Research on other forms of turmeric is ongoing, and some of these studies show that an unconventional type of turmeric extract may offer substantial advantages. Brien Quirk, director of research and development for Draco Natural Products (San Jose, CA), says a water-soluble polysaccharide extract sourced from turmeric rhizomes was found to be very effective at relieving symptoms of osteoarthritis in a clinical trial7.
This study—a randomized, single-blind, placebo-controlled trial—examined the effects of NR-INF-02, a branded powdered curcumin rhizome product marketed as Turmacin by Natural Remedies Pvt. Ltd. (Bangalore, India), on pain and knee function in 120 subjects with knee osteoarthritis. Participants were randomly assigned to receive either 1) 400 mg of a placebo twice per day (n=30), or 2) 500 mg of Turmacin twice per day (n=30), 3) 750 mg of glucosamine sulfate twice per day (n=30), or 4) a combination of glucosamine sulfate and Turmacin twice per day (n=30), for 42 days. The subjects were assessed for pain via the VAS and Western Ontario and McMaster Universities Osteoarthritis Index (WOMAC) scales, and joint condition via the Clinical Global Impression Change (CGIC) scale, at baseline and after 21 and 42 days.

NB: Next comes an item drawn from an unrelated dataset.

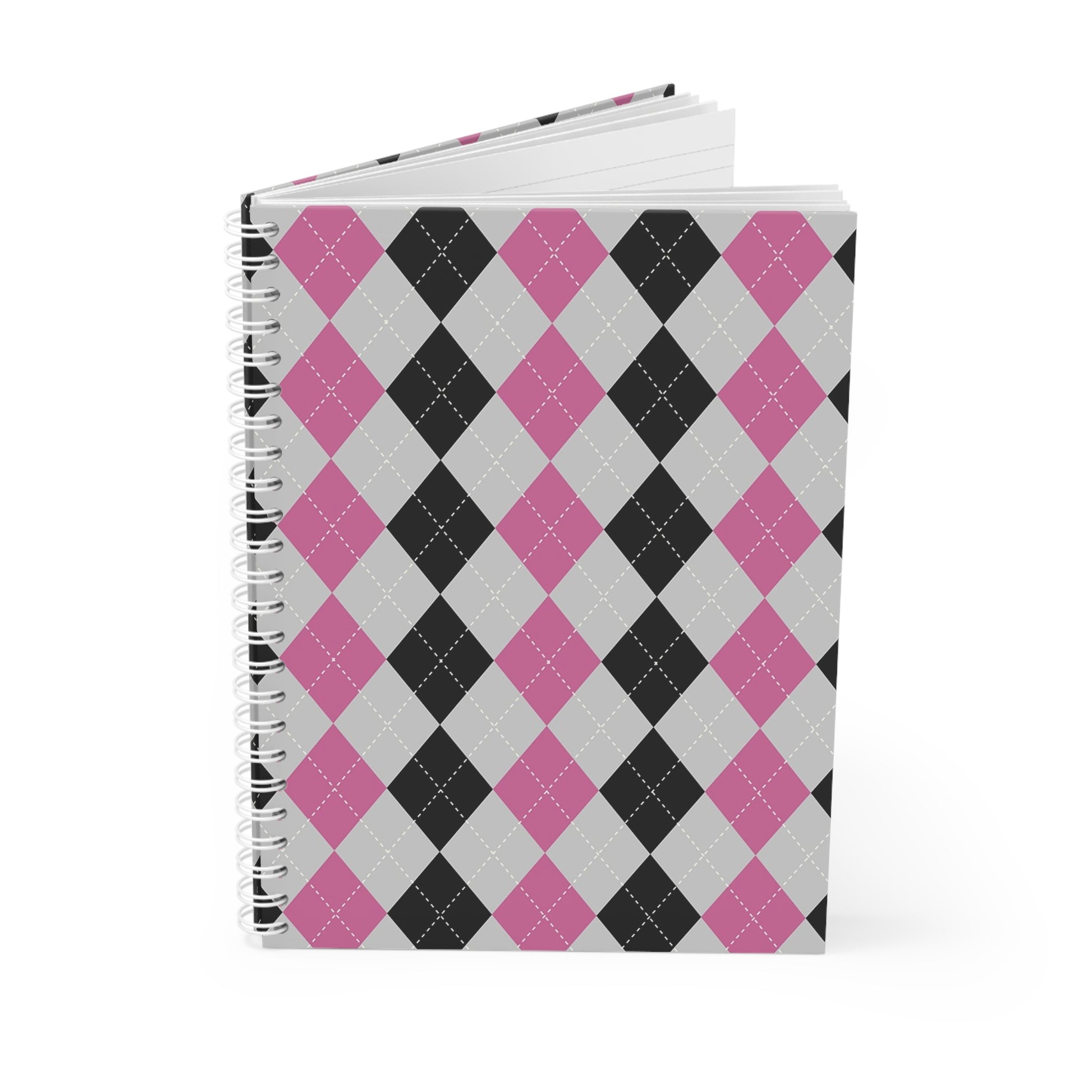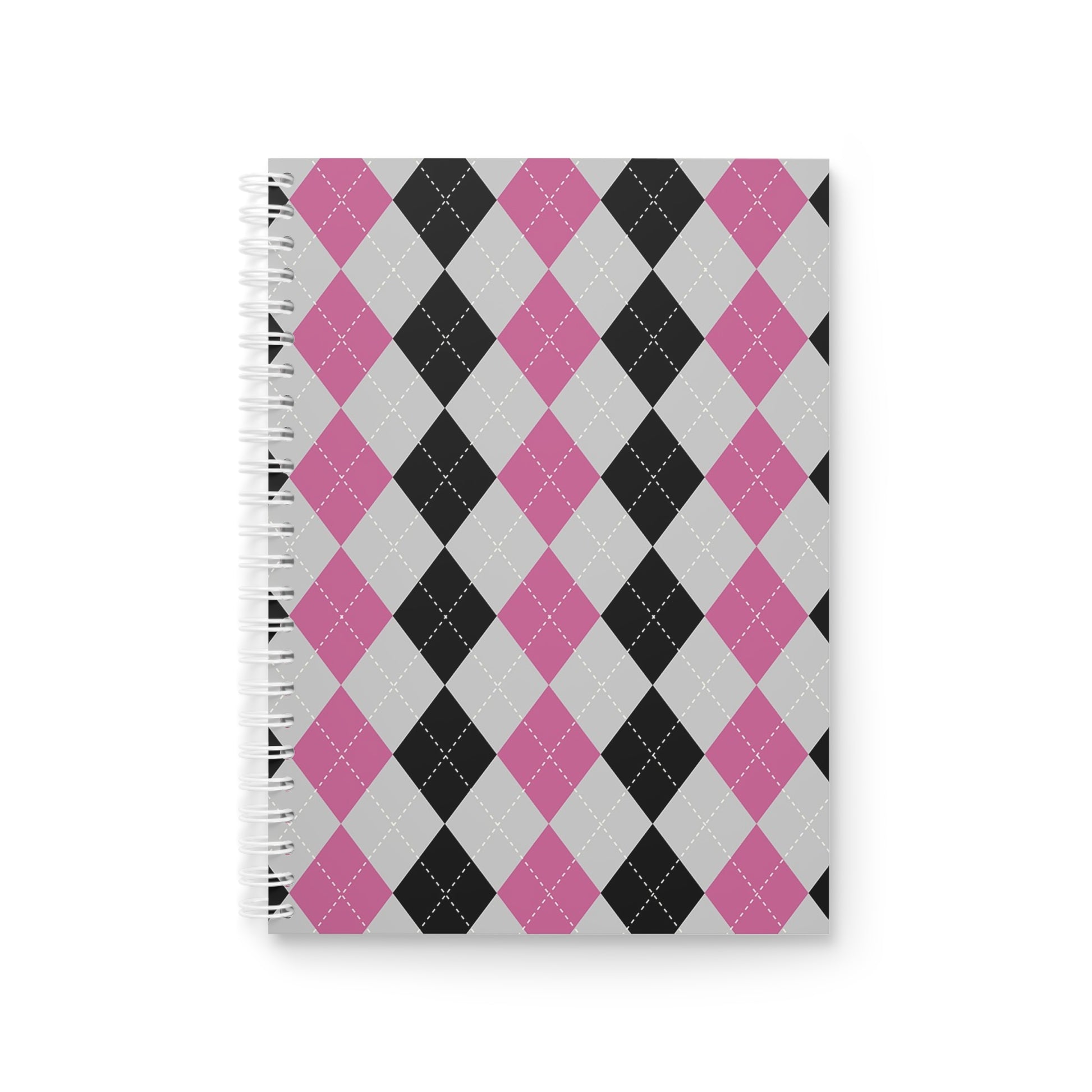 A compact spiral notebook that brings thoughtful charm to everyday notes. The semi-gloss laminated cover shows a crisp argyle pattern in rose, gray, and black with a simple emblem and understated text — a look that feels both playful and composed. Inside, 128 ruled pages of smooth 90gsm paper take pen, pencil, and gel ink without bleedthrough. The white metal spiral lets pages turn smoothly and removes sheets cleanly when you need to hand someone a page or reorganize your notes. Carry it to study sessions, planning afternoons, or quiet coffee-shop hours — it settles into a routine of lists, sketches, and small, steady ideas.

After 42 days, the subjects who received Turmacin showed a significant improvement in VAS, WOMAC, and CGIC scores and a significant decrease in the use of pain medication relative to placebo. The study authors concluded that Turmacin is a safe and effective option for relieving pain and improving knee function in osteoarthritis patients.
“Most of the turmeric extracts being sold on the market are standardized to a concentration of 95% curcumin and do not have water-soluble polysaccharides,” Quirk says. “Curcumin is very poorly absorbed, which explains why most turmeric extracts have not shown much benefit except in very large doses. Turmeric extracts that are rich in water-soluble polysaccharides have been ignored until now.”
Eggshell Membrane Powerhouse
Eggshell membrane ingredients are gaining popularity in joint health applications for their rich combination of joint-healthy compounds. Amanda Jepson, senior director of marketing and international sales for Biova LLC (Johnston, IA), says eggshell membrane is a source of multiple, naturally occurring compounds that promote joint health. These include ingredients like collagen, elastin, glucosamine, chondroitin, and several amino acids.
One 2019 study8 on Biova’s branded BiovaFlex water-soluble egg membrane ingredient demonstrated robust results. The 12-week randomized, double-blind, placebo-controlled clinical trial examined the effects of a 450-mg daily dose of BiovaFlex (n = 44) on WOMAC scores and performance on the Six-Minute Walk Test relative to placebo (n = 44).
“The worst-performing subjects in the BiovaFlex group at baseline had the most significant improvement within five days,” Jepson says. “The BiovaFlex group also noted a reduction in joint stiffness within five days.”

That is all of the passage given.